** MATERIAL FOR THIS EXERCISE **
-- Opening Marker --

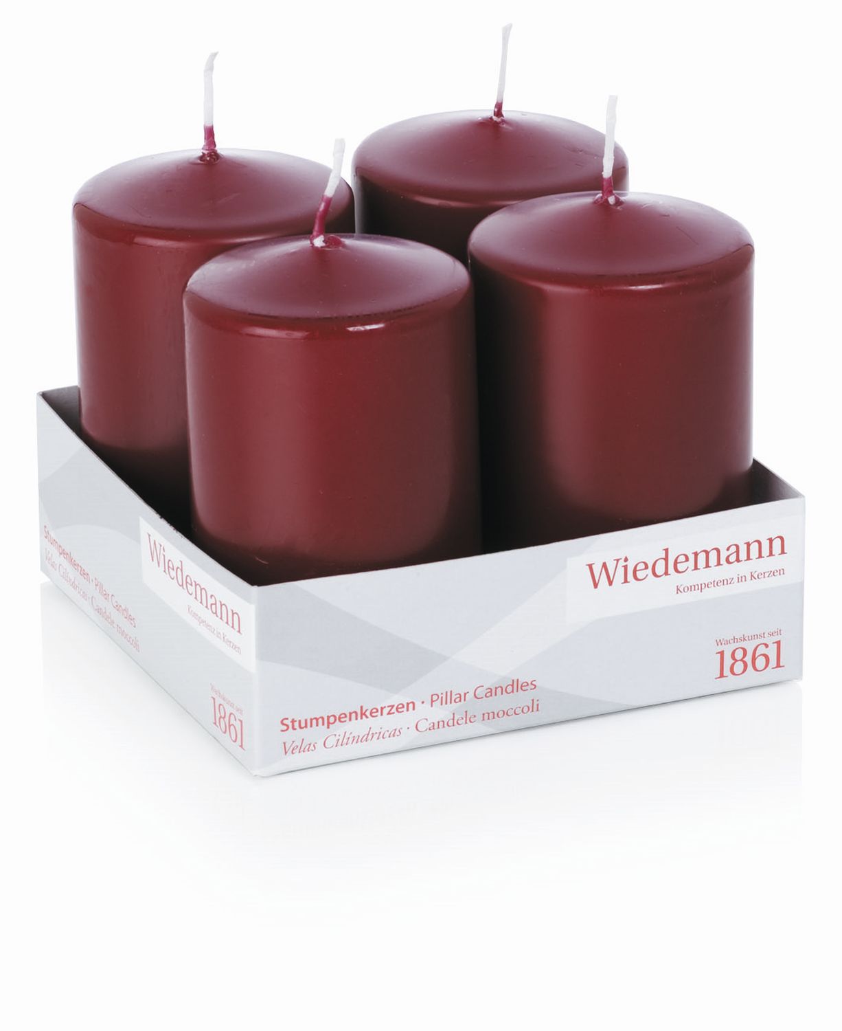 Adventskranz Stumpenkerzen JENARO, 4 Stück, bordeaux, 10cm, Ø6cm, 33h - Made in Germany
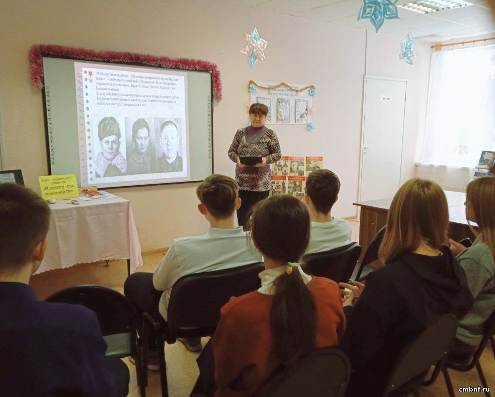 Библиотекарь Оксана Аксенова познакомила учащихся с подвигом героя Великой Отечественной войны Зои Анатольевны Космодемьянской.
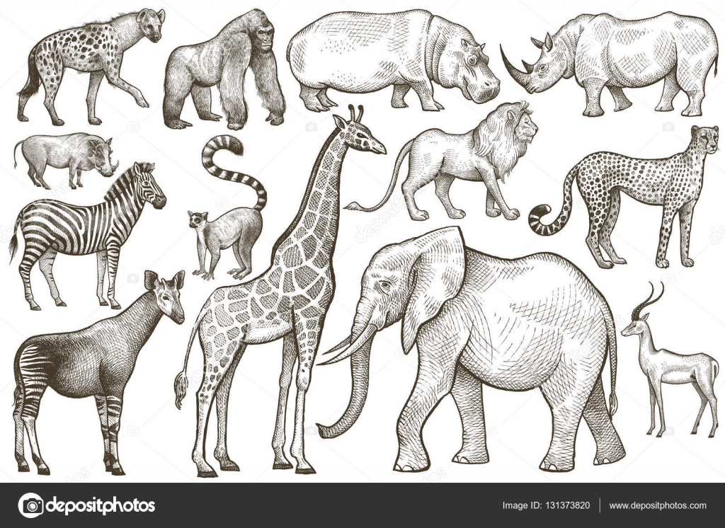 Disegnato A Mano Stile Di Disegno Astratto Animali Africani - Download
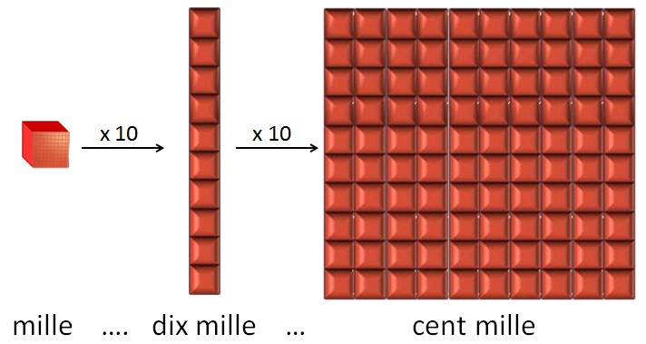 Après 999, on obtient 10 centaines complètes, et cela forme un gros cube de mille (1000) unités, appelé "un millier".
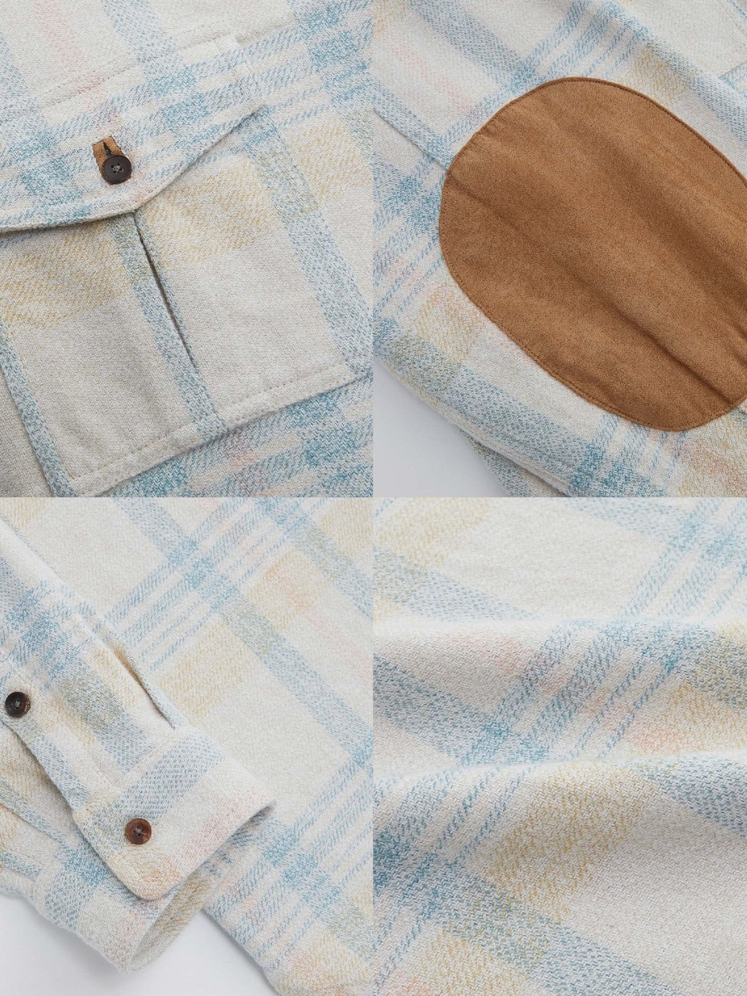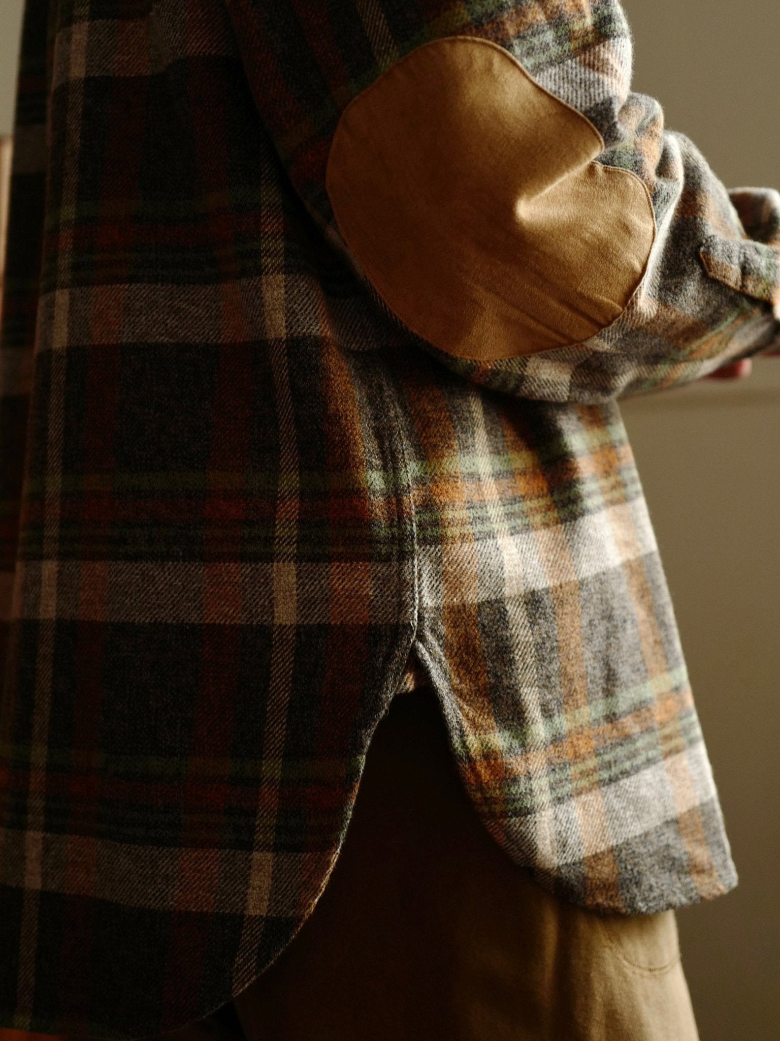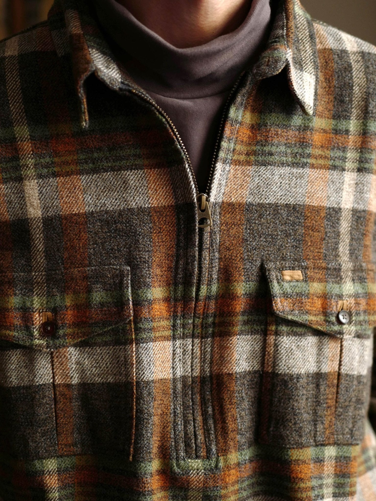 常に人気のあるシャツの中でも、プルオーバーシャツは伝統的なシャツに比べてよりカジュアルでレトロな雰囲気があります。三色糸と斜めのチェック柄によって、生地の色にヘザーグレーのようなカラー効果が加わり、古典的なレトロな雰囲気を持ち、プルオーバーシャツのディテールを豊かに演出しています。

-- Closing Marker --

** REQUIREMENT **
When you return the listing, keep it exact and omit any pictures it holds.

** EXERCISE ANSWER **
 Adventskranz Stumpenkerzen JENARO, 4 Stück, bordeaux, 10cm, Ø6cm, 33h - Made in Germany
 Библиотекарь Оксана Аксенова познакомила учащихся с подвигом героя Великой Отечественной войны Зои Анатольевны Космодемьянской.
 Disegnato A Mano Stile Di Disegno Astratto Animali Africani - Download
 Après 999, on obtient 10 centaines complètes, et cela forme un gros cube de mille (1000) unités, appelé "un millier".
 常に人気のあるシャツの中でも、プルオーバーシャツは伝統的なシャツに比べてよりカジュアルでレトロな雰囲気があります。三色糸と斜めのチェック柄によって、生地の色にヘザーグレーのようなカラー効果が加わり、古典的なレトロな雰囲気を持ち、プルオーバーシャツのディテールを豊かに演出しています。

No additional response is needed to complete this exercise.